New York Farm Bureau spokesman Peter Gregg said farmers throughout New York continue to live on a economic razor’s edge because of skyrocketing fuel, feed and fertilizer prices. He said higher prices have helped some but the federal government should continue to provide a subsidy for dairy farmers in case the price drops again.
“Right now the milk price is pretty favorable but two years from now it could be back down to very low levels. Milk prices are about as volatile as oil prices,” Gregg said.
Record high milk prices have made renewal of the federal Milk Income Loss Contract, known as the MILC program, more difficult, according to congressional leaders.
In 2007, MILC granted local dairy farmers a subsidy when price of milk fell below $16.94 per hundredweight, which it did from January to March. The subsidy equaled 34 percent of the difference in price and only applied to the first 2.4 million pounds of milk a farmer produces.

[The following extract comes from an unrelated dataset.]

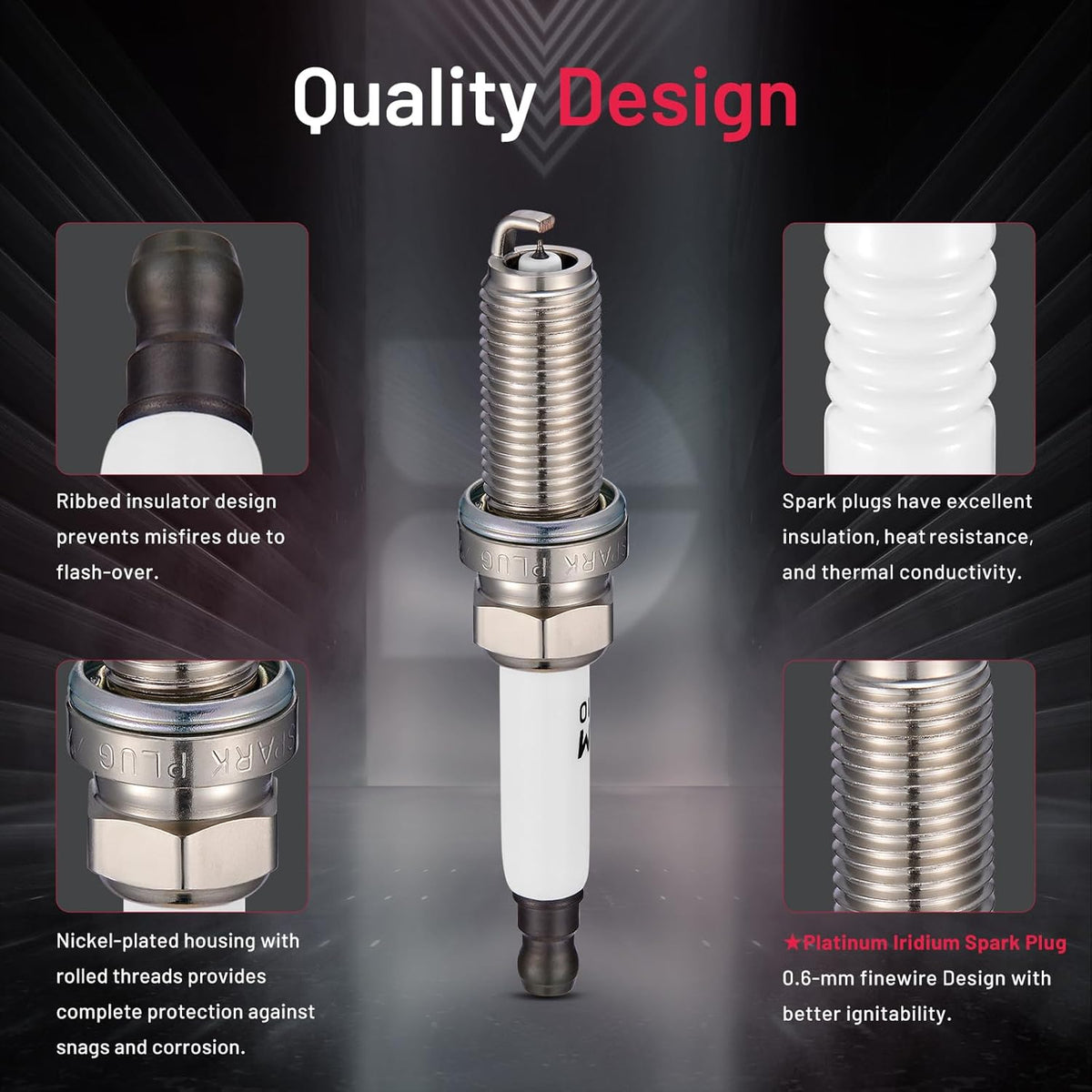 【Relive Performance】:OE standard performance and durability TS16949 certified manufacturer. All center electrodes are made from extremely fine iridium electrodes for good ignition performance. Insulators are made from isostatic ceramics for high density, strength, and good insulation.
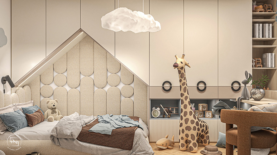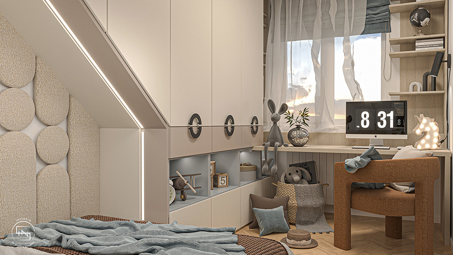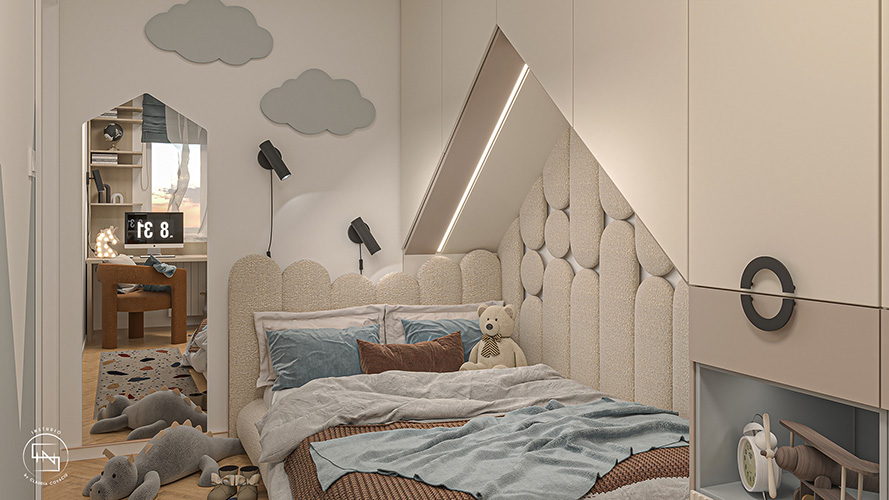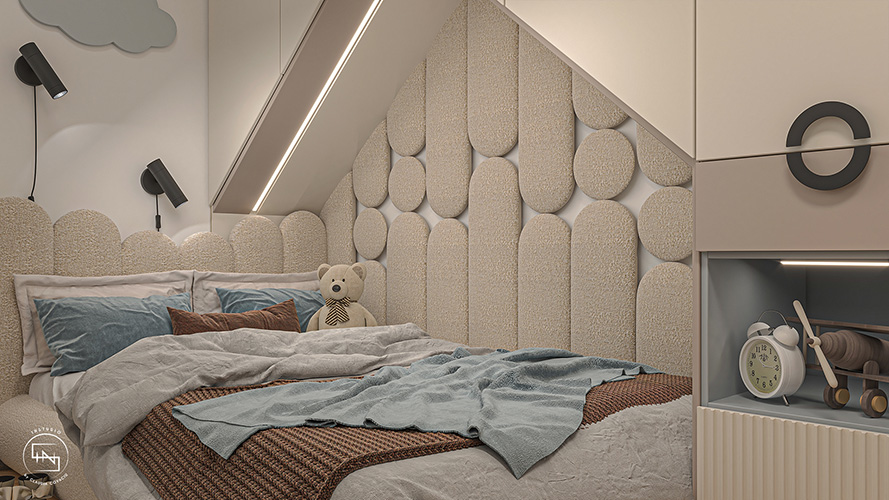 Zona de odihnă este punctul central al camerei, evidențiată printr-un perete tapițat, integrat într-o volumetrie care sugerează silueta unei căsuțe.

A beefed-up MILC program has been proposed for the mammoth $300 billion 2008 Farm Bill, which House and Senate negotiators agreed to Thursday and President Bush has threatened to veto. The bill would renew the MILC program and raise its subsidy to 45 percent and the production cap to 4.15 million pounds.

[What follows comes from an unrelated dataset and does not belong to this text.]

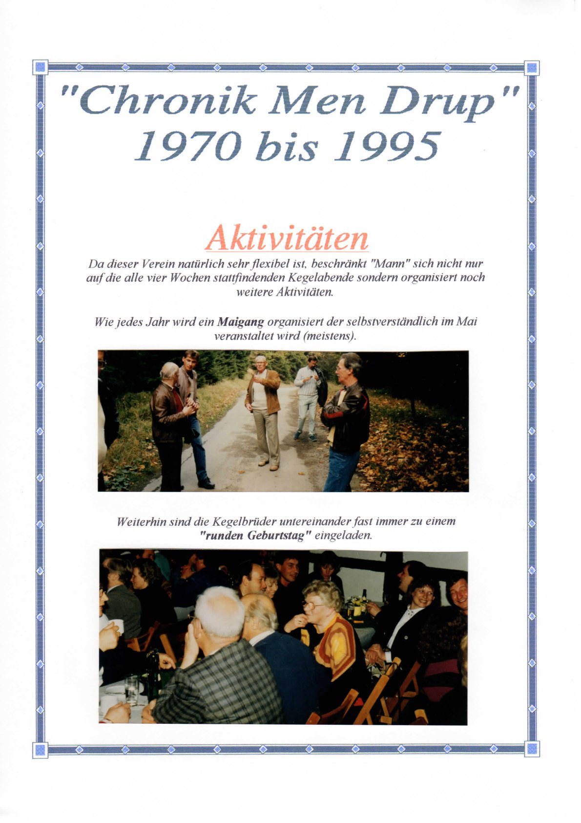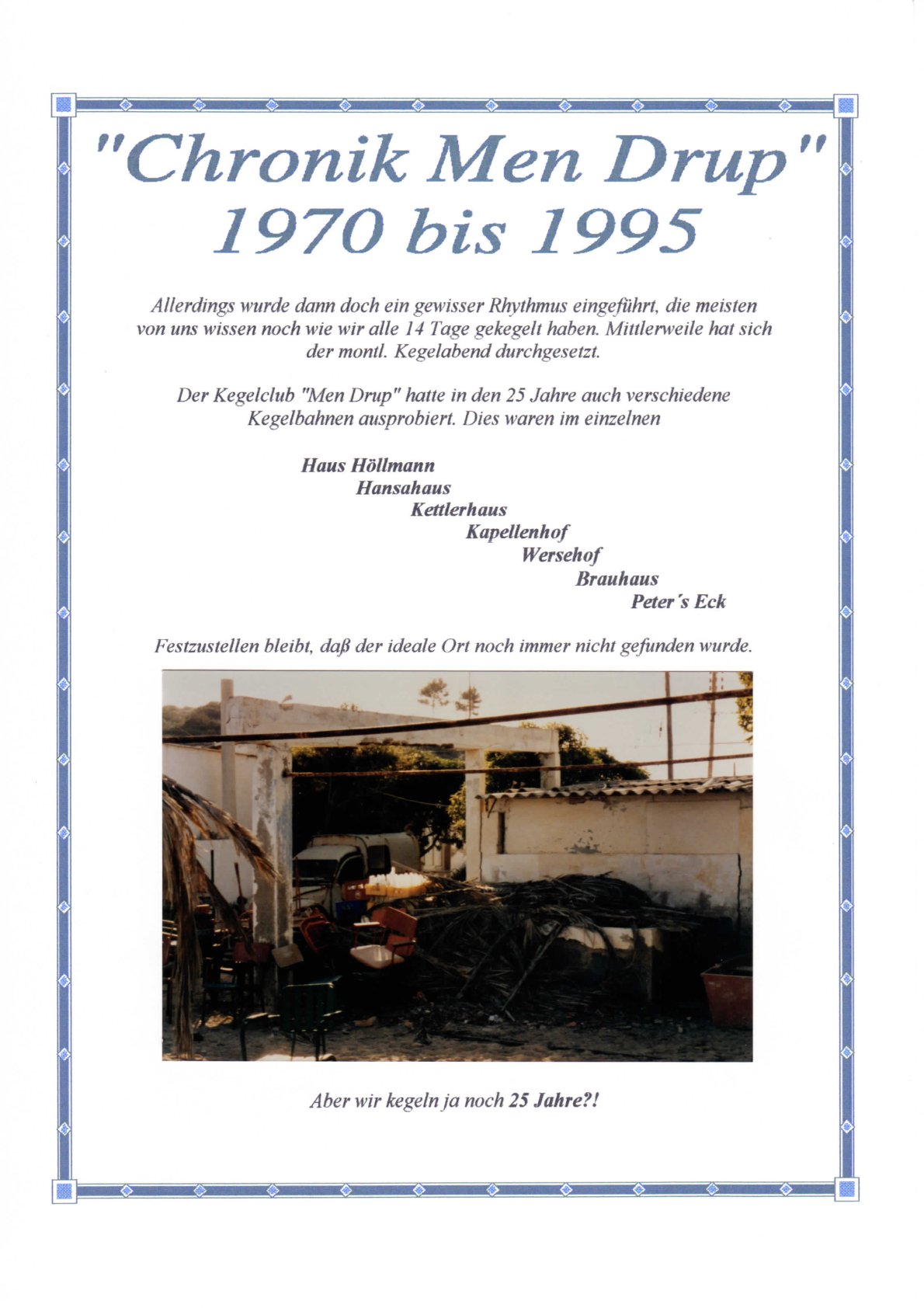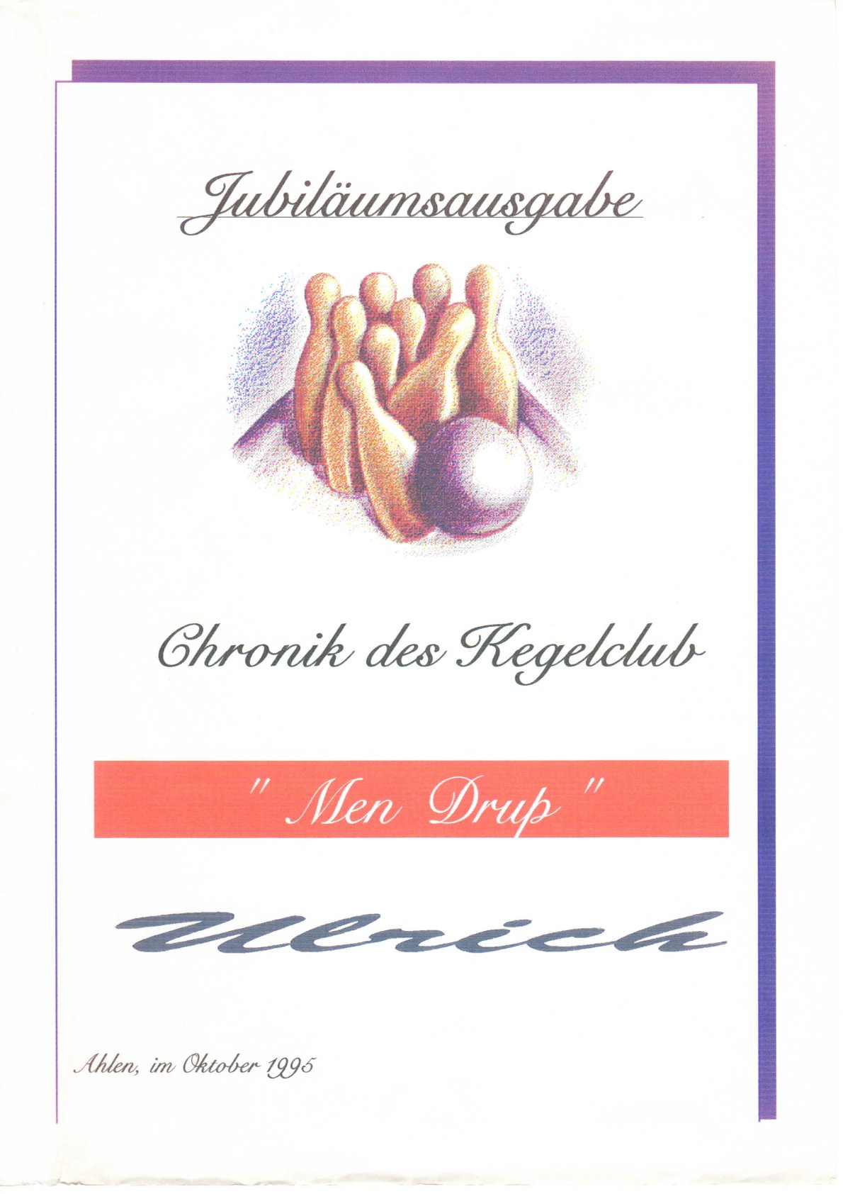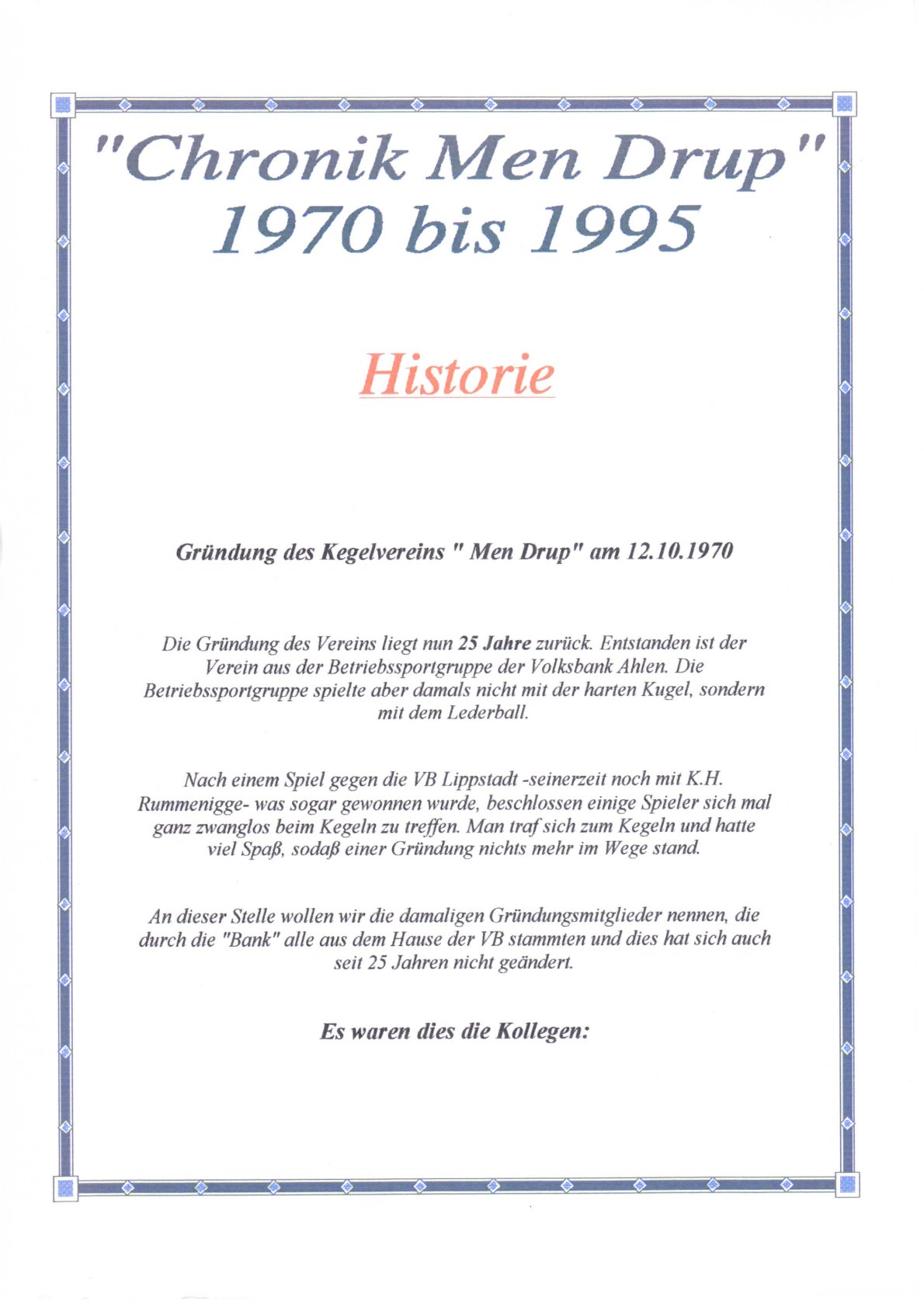 Unser Kegelclub wurde am 12. Oktober 1970 gegründet. Was danach geschah, steht in einer Chronik, die anlässlich des 25. Jubiläums veröffentlicht wurde und von unserem ehemaligen Kegelbruder Ludger erstellt wurde.

Skiff said the basement price to trigger the MILC subsidy should be raised from $16.94 to at least $20 per hundredweight, the price he said he breaks even at.
“We would all be bankrupt before it got to [$16.94 per hundredweight] if it got to it right now,” he said.

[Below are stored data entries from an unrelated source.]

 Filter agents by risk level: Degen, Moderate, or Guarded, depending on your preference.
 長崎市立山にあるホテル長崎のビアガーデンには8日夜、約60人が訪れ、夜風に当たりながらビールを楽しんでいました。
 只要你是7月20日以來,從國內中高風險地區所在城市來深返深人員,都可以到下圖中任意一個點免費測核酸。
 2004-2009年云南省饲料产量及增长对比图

Staff members for U.S. Rep. Kirsten Gillibrand, D-Greenport, said the version of the farm bill agreed to by the House and Senate conference committee Thursday has a new provision for MILC that would use the composite monthly price of feed made from corn, soybeans and alfalfa hay to raise the basement price that triggers the MILC subsidy.
“The corn ethanol boom has not only caused the price of food to go up, but the cost to feed animals, including dairy cows, has also gone up causing even higher prices for milk,” Gillibrand stated in a news release Friday. “By helping our local dairy farmers pay for their feed costs, we hope that this will help lower milk prices for consumers in the end.”
Gov. David Paterson endorsed the renewal of MILC Friday.
“I hope it will enable farm families to sustain their business even when the price they receive for milk fails to keep pace with the cost of producing it,” Paterson said.